Genialis CEO and co-founder Rafael Rosengarten, PhD, discusses key 2023 AI developments and what they could mean for laboratories.

In many ways, 2023 was the year of artificial intelligence (AI). Though AI technologies are not new, they seemed to take the world by storm last year with products such as ChatGPT being used regularly in a variety of industries. As usual, legislative efforts to regulate such products are far behind their advancement, with the European Union only recently reaching “a provisional agreement” on its Artificial Intelligence Act and the Biden administration issuing an Executive Order to establish standards for AI in the US.1,2 Both the AI Act and Executive Order aim to manage the risks of AI, while ensuring innovation.

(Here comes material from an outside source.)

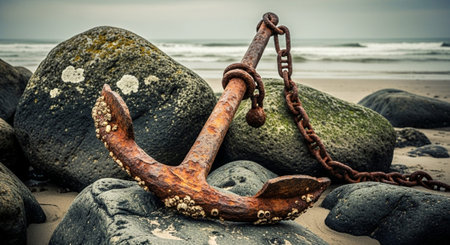 AI Generated. Old nautical anchor symbolizing strength and stability

Rafael Rosengarten, PhD, chief executive officer and co-founder, Genialis, and founding member of the Alliance for Artificial Intelligence in Healthcare (AAIH), discusses the key issues that remain around AI’s potential uses in healthcare, the biggest AI-related trends of 2023, and what those developments mean for laboratories and other healthcare providers going forward.

Q: What, in your opinion, were the biggest developments in AI in healthcare for 2023?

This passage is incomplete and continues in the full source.